→ **What is required**
The pictures are to be left out, and all remaining data is to be transcribed exactly as it appears.

→ **Supplied data**
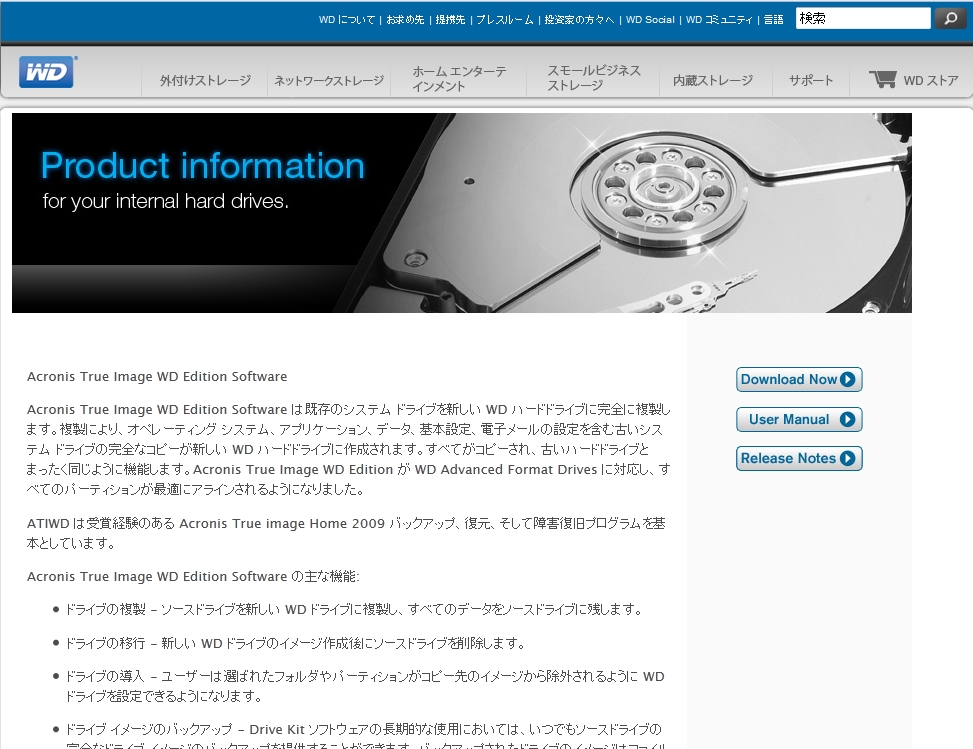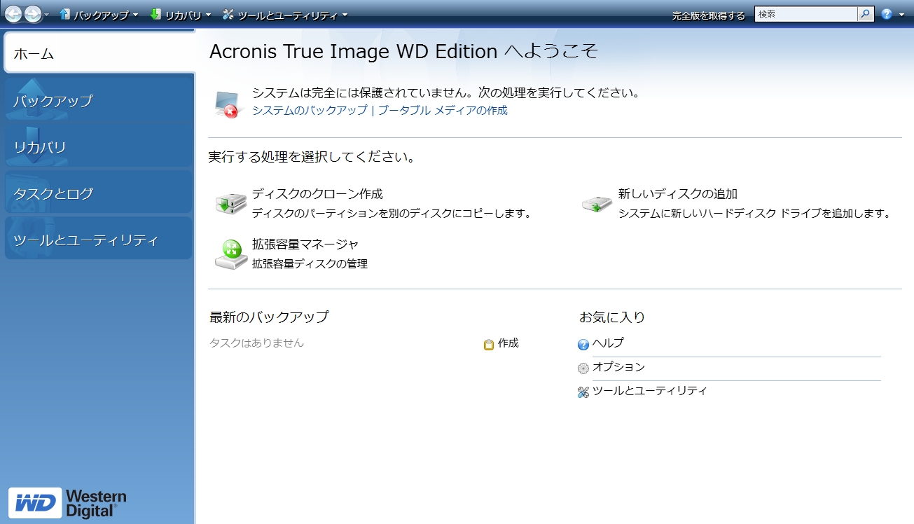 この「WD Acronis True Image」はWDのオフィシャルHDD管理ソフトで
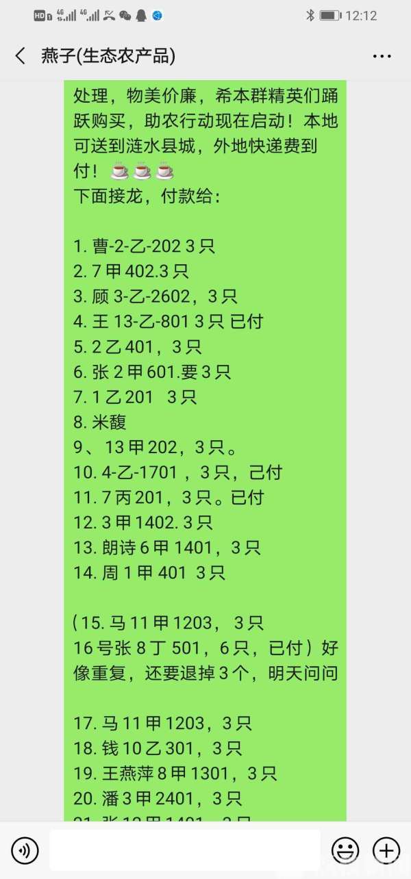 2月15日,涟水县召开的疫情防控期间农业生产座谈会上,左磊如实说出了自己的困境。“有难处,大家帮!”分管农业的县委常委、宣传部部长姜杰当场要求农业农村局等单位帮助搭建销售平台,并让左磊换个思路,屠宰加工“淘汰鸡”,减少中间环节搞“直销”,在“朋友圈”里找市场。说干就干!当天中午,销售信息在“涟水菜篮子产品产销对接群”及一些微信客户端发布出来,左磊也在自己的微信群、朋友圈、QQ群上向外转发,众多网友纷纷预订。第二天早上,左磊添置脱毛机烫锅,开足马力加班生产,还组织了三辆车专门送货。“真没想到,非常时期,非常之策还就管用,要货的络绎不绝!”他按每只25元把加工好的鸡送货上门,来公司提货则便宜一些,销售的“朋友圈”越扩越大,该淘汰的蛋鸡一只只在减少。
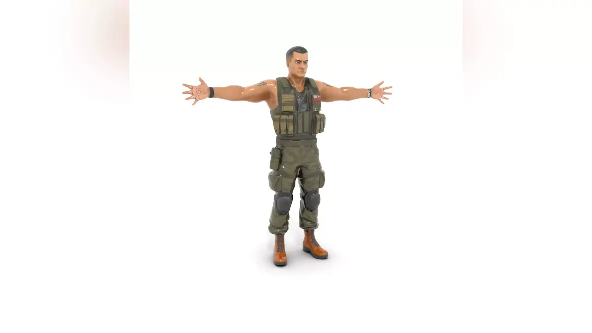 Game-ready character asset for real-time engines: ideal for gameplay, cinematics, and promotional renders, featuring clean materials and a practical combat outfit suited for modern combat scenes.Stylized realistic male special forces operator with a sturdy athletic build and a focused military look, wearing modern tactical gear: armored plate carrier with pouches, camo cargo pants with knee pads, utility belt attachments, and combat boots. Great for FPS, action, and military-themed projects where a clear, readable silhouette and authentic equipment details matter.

→ **Task result**
 この「WD Acronis True Image」はWDのオフィシャルHDD管理ソフトで
 2月15日,涟水县召开的疫情防控期间农业生产座谈会上,左磊如实说出了自己的困境。“有难处,大家帮!”分管农业的县委常委、宣传部部长姜杰当场要求农业农村局等单位帮助搭建销售平台,并让左磊换个思路,屠宰加工“淘汰鸡”,减少中间环节搞“直销”,在“朋友圈”里找市场。说干就干!当天中午,销售信息在“涟水菜篮子产品产销对接群”及一些微信客户端发布出来,左磊也在自己的微信群、朋友圈、QQ群上向外转发,众多网友纷纷预订。第二天早上,左磊添置脱毛机烫锅,开足马力加班生产,还组织了三辆车专门送货。“真没想到,非常时期,非常之策还就管用,要货的络绎不绝!”他按每只25元把加工好的鸡送货上门,来公司提货则便宜一些,销售的“朋友圈”越扩越大,该淘汰的蛋鸡一只只在减少。
 Game-ready character asset for real-time engines: ideal for gameplay, cinematics, and promotional renders, featuring clean materials and a practical combat outfit suited for modern combat scenes.Stylized realistic male special forces operator with a sturdy athletic build and a focused military look, wearing modern tactical gear: armored plate carrier with pouches, camo cargo pants with knee pads, utility belt attachments, and combat boots. Great for FPS, action, and military-themed projects where a clear, readable silhouette and authentic equipment details matter.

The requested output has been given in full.